Midterm Report
The coding period leading up to the Midterm Evaluation has been an amazing experience for me. I’ve organized this report into two distinct parts, with each part dedicated to a specific phase of the project up to the Midterm Evaluation.
Phase 1 30th May - 30th Jun
Delved into relevant research papers, understood the intricacies of assembly runs, samples, studies and analyses, which form the foundational concepts of MGnify.
Documented all visualizations present on the MGnify website which was extensively used in Phase 2.
Significant chunk of Phase 1 was spent contributing and collaborating with Alejandra Escobar (MGnify Bioinformatician) on the enhancement of her Jupyter notebook - Drawing presence/absence KOs for one metagenomic sample, specifically focusing on Pathways Visualization.
The objective was to streamline the notebook, making it more concise, interactive, self-explanatory, and immediately usable.
Technologies Involved : R + Docker + JupyterLab + Quarto + Packages like KEGGREST, Pathview
Pull Request :
Worked on an existing PR by Alejandra, Link : https://github.com/EBI-Metagenomics/notebooks/pull/26
Status : Under Review 🟡
Code in Action :
: : : : : : : : : : : : : : : : : :
Phase 2A 1st Jul - 16th Jul
This phase focused on finding visualization solutions that could work seamlessly in both JavaScript and Python environments.

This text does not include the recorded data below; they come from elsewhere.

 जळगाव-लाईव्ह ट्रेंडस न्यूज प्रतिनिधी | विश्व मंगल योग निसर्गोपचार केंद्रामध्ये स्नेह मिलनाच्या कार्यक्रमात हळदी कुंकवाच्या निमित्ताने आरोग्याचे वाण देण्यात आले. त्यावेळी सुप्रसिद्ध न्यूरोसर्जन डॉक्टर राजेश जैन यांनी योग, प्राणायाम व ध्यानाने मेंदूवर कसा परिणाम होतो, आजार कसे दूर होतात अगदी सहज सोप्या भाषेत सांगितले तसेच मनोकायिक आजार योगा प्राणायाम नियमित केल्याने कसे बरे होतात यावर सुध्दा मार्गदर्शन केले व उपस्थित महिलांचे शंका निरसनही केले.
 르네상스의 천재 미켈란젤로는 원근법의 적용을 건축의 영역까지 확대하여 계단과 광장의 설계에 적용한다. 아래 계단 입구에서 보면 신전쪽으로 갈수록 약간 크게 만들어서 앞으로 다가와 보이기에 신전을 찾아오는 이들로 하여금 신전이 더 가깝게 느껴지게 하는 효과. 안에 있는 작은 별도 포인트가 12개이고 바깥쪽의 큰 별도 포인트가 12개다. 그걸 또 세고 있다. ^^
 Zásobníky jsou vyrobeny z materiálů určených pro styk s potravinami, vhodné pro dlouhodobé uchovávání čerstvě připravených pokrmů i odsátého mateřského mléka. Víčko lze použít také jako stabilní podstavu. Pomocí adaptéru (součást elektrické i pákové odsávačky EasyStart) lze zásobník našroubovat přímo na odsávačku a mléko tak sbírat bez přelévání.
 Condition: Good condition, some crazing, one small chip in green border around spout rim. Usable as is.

Involved testing of packages like Plotly and Highcharts were tested, with a preference for Highcharts due to its usage in the MGnify site.
But then Highchart posed an issue as it couldn’t reference data as a link, impacting interoperability between React and Jupyter, especially with large datasets.

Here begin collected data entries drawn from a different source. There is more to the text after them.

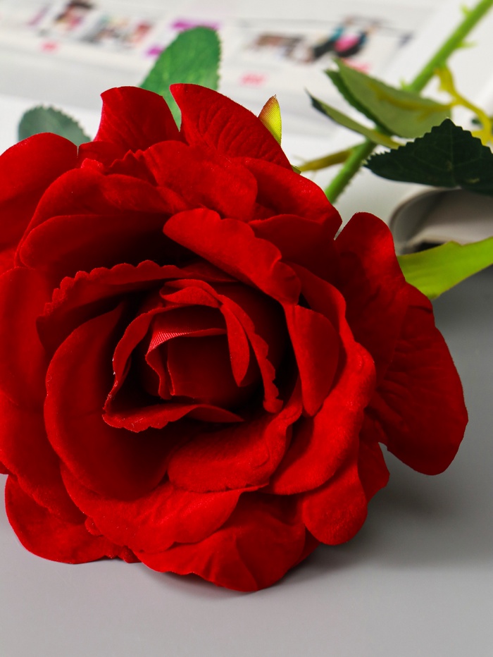 * Универсальность красной розы: Классический алый оттенок делает эту розу универсальным элементом декора. Она дополнит праздничный стол, станет изящным штрихом в гостиной или трогательным подарком, символизирующим вечные чувства.
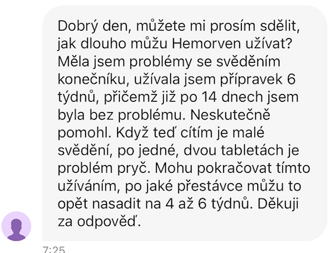 Užívanie produktu HEMORVEN viedlo k úľave od bolesti v konečníku už za 16 dní od prvého užitia, a po prvom mesiaci sa v priemere zmiernilo o 51%.
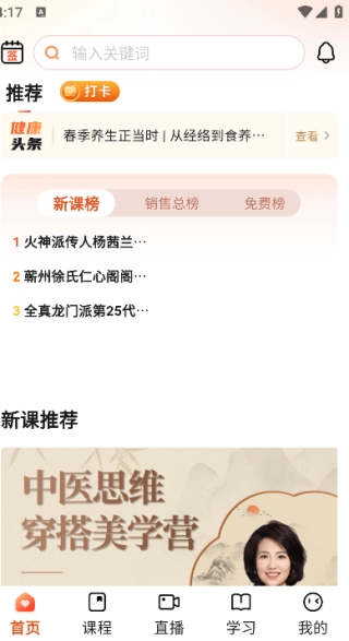 在主页面即可看到新课榜、销售总榜等功能;
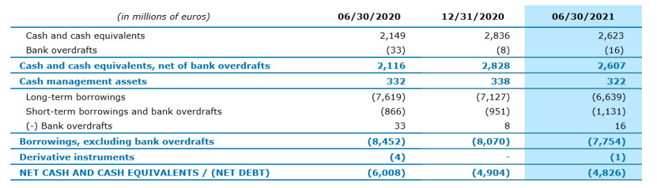 At June 30, 2021, the Group had cash and cash equivalents and cash management assets of €2.9 billion. After accounting for borrowings of nearly €7.8 billion, Capgemini net debt* stands at €4.8 billion at June 30, 2021, compared with €6.0 billion at June 30, 2020 and €4.9 billion at December 31, 2020.

Then came the idea of a common visualization grammar, enabling easy porting of visualizations to Jupyter notebooks for users to perform deeper visualization and push in custom data as well.
Alternatives like pandas-js, Danfo.js, and Vega-Lite were considered.
In the end, the Vega ecosystem was selected due to its compatibility and ability to handle large datasets, ensuring seamless interoperability.